(Task input)
------------------------

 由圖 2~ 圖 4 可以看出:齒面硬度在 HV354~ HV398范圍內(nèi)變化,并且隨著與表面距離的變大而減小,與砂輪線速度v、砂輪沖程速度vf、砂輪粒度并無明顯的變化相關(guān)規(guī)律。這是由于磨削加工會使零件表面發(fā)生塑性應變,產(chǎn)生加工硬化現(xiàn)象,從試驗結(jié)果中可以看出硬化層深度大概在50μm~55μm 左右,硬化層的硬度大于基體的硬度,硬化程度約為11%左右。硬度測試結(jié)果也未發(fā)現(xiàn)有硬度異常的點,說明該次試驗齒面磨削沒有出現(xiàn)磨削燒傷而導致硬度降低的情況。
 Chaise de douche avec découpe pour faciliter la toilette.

------------------------

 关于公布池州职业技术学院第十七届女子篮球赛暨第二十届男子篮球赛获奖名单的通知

------------------------

(Exercise prompt) Begin at the line above that has "由圖 2~ 圖 4 可以看出:齒面硬度在" and stop after the line that has "Chaise de douche", copying each line exactly and adding nothing else.

(Response to this task)
 由圖 2~ 圖 4 可以看出:齒面硬度在 HV354~ HV398范圍內(nèi)變化,并且隨著與表面距離的變大而減小,與砂輪線速度v、砂輪沖程速度vf、砂輪粒度并無明顯的變化相關(guān)規(guī)律。這是由于磨削加工會使零件表面發(fā)生塑性應變,產(chǎn)生加工硬化現(xiàn)象,從試驗結(jié)果中可以看出硬化層深度大概在50μm~55μm 左右,硬化層的硬度大于基體的硬度,硬化程度約為11%左右。硬度測試結(jié)果也未發(fā)現(xiàn)有硬度異常的點,說明該次試驗齒面磨削沒有出現(xiàn)磨削燒傷而導致硬度降低的情況。
 Chaise de douche avec découpe pour faciliter la toilette.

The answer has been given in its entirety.